>>
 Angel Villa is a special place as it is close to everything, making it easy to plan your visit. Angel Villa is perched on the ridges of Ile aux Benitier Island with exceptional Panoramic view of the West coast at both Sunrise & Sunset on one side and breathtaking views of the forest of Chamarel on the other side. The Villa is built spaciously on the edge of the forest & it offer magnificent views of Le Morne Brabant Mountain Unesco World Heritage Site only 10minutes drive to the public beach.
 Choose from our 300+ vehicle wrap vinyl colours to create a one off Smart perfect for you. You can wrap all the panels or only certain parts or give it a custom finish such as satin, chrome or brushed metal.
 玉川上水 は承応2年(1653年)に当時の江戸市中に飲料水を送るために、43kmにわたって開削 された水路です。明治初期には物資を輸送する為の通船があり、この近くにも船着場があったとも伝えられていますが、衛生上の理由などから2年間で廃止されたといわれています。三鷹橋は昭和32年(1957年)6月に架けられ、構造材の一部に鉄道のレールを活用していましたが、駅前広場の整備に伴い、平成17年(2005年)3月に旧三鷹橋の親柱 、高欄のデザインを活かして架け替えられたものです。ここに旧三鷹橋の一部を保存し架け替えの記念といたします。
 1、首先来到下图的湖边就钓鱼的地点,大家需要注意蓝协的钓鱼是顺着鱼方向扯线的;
<<
>>
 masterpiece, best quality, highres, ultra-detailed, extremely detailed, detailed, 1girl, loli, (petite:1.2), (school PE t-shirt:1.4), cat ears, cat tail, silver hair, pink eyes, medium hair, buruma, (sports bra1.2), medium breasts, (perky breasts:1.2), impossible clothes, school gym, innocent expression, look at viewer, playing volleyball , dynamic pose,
<<
Your task:
Start with the line above that contains "Angel Villa is a" and stop after the line that contains "Choose from our". Output those lines exactly, and only those.

Exercise answer:
 Angel Villa is a special place as it is close to everything, making it easy to plan your visit. Angel Villa is perched on the ridges of Ile aux Benitier Island with exceptional Panoramic view of the West coast at both Sunrise & Sunset on one side and breathtaking views of the forest of Chamarel on the other side. The Villa is built spaciously on the edge of the forest & it offer magnificent views of Le Morne Brabant Mountain Unesco World Heritage Site only 10minutes drive to the public beach.
 Choose from our 300+ vehicle wrap vinyl colours to create a one off Smart perfect for you. You can wrap all the panels or only certain parts or give it a custom finish such as satin, chrome or brushed metal.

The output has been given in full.